Evaluation Benchmarks. Our study conducts a comprehensive analysis of 21 NLP datasets, focusing on a suite of canonical NLP benchmarks and their capacity for open-ended language generation. For canonical NLP benchmarks, the evaluation is organised into six categories (18 tasks in total): (1) Language Understanding and Knowledge includes MMLU [24], PIQA [6], Openbook QA [41], Hella Swag [74], and LAMBADA [45]; (2) Multilinguality contains LAMBADA Multilingual [45], WMT 2014 [8], and WMT 2016 [52]; (3) Commonsense Reasoning features Winograd schema challenge (WSC) [35], Wino Grande [50], AI2 Reasoning Challenge (ARC) [16], and Co QA [49]; (4) Math and Coding Reasoning includes GSM8K [17], and Human Eval [12]; (5) Safety and Helpfulness comprises Truthful QA [38], Toxi Gen [21], and Hendrycks Ethics [23]. (6) Big Bench Hard (BBH) dataset [60] is included to assess models. Our models are also tested for their open-ended text generation capabilities using model-based evaluations, specifically through MT-Bench [77], Alpaca Eval 1.0 and 2.0 [37], where the Alpaca Eval 1.0 compares the model outputs against the text_davinci_003 evaluated by GPT-4 and the Alpaca Eval 2.0 compares the model outputs against GPT-4 outputs evaluated by GPT-4 Turbo. See evaluation details in Appendix B.
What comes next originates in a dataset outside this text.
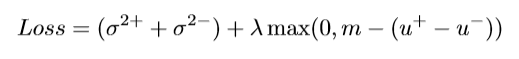 双路径模型(GIN)的最后一层,将前面两条路径的输出作为输入进行点乘运算,其输出为文本对的相似性分数。作者定义的损失函数,通过最大化匹配对的平均相似分数u+,最小化非匹配对的平均相似分数u- ,同时最小化匹配对的相似性分数的方差sigma^{2+} 和非匹配对的相似性分数方差sigma^{2-}, 将损失降到最小: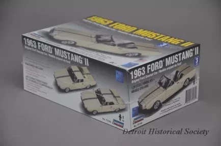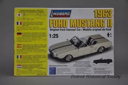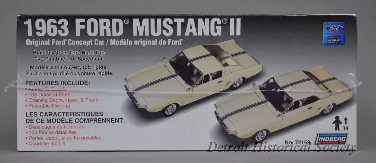 One 1/25 scale model of a "1963 Mustang II" automobile. The unopened kit no. 72169 is contained in a cardboard box that has multicolor images and text printed on the exterior. The box shows photographs of the completed 7.25-inch long plastic model as well as close-up photos of various styling details. The kit was manufactured by "J. Lloyd International, Inc.," under the "Lindberg" trademark.

All Comparison Approaches. In our study, we mainly conduct experiment using the LLAMA2-7B-BASE and LLAMA-2-13B-BASE [62], and the OPT-6.7B [75] models. We report model performance trained on LLAMA-2-7B-BASE if not specified. We compare with NEFTUNE [31] as the baseline, which adds noise to the embedding during the instruction tuning to increase the robustness of instruction-tuned models. See hyperparameter and implementation details in Appendix C.

4.2 Main Results

In this section, we first evaluate the model performance of our approach and baselines across various tasks. Then we investigate the key factors that contribute to the effectiveness of our approach. Below we will discuss our findings in detail.

#1: Our approach IM can improve the performance of instruction tuning on various NLP tasks and open-ended generation benchmarks. Figure 1 provides a summary of the model s performance across both traditional NLP tasks and the Alpaca Eval 1.0 benchmark. Table 1 offers

a detailed breakdown of experimental results for traditional NLP tasks across six categories, as well as performance on additional benchmarks for open-ended generation (i.e., MT-Bench and Alpaca Eval). The experimental results show that our approach (IM) can improve the performance of instruction tuning on various NLP tasks and open-ended generation benchmarks. Specifically, on the Alpagasus Dolly 3k dataset, IM improves the overall mean score of NLP tasks to 48.95, an increase of 2.37 points from the baseline. Similarly, on the Alpagasus Dolly 9k dataset, we observe an improvement of 2.46 points in the mean NLP score. These improvements are mirrored in the LLM-based evaluations. Specifically, IM raises scores on the Alpaca Eval 1.0 benchmark, achieving approximately a ten-point increase on the Alpagasus Dolly 9k dataset and doubling the performance on datasets such as Less MMLU Chat and Less Tydiqa. However, the extent of improvement varies across different datasets. For example, the LIMA dataset shows more modest gains, prompting our further analysis to understand the factors influencing the effectiveness of IM.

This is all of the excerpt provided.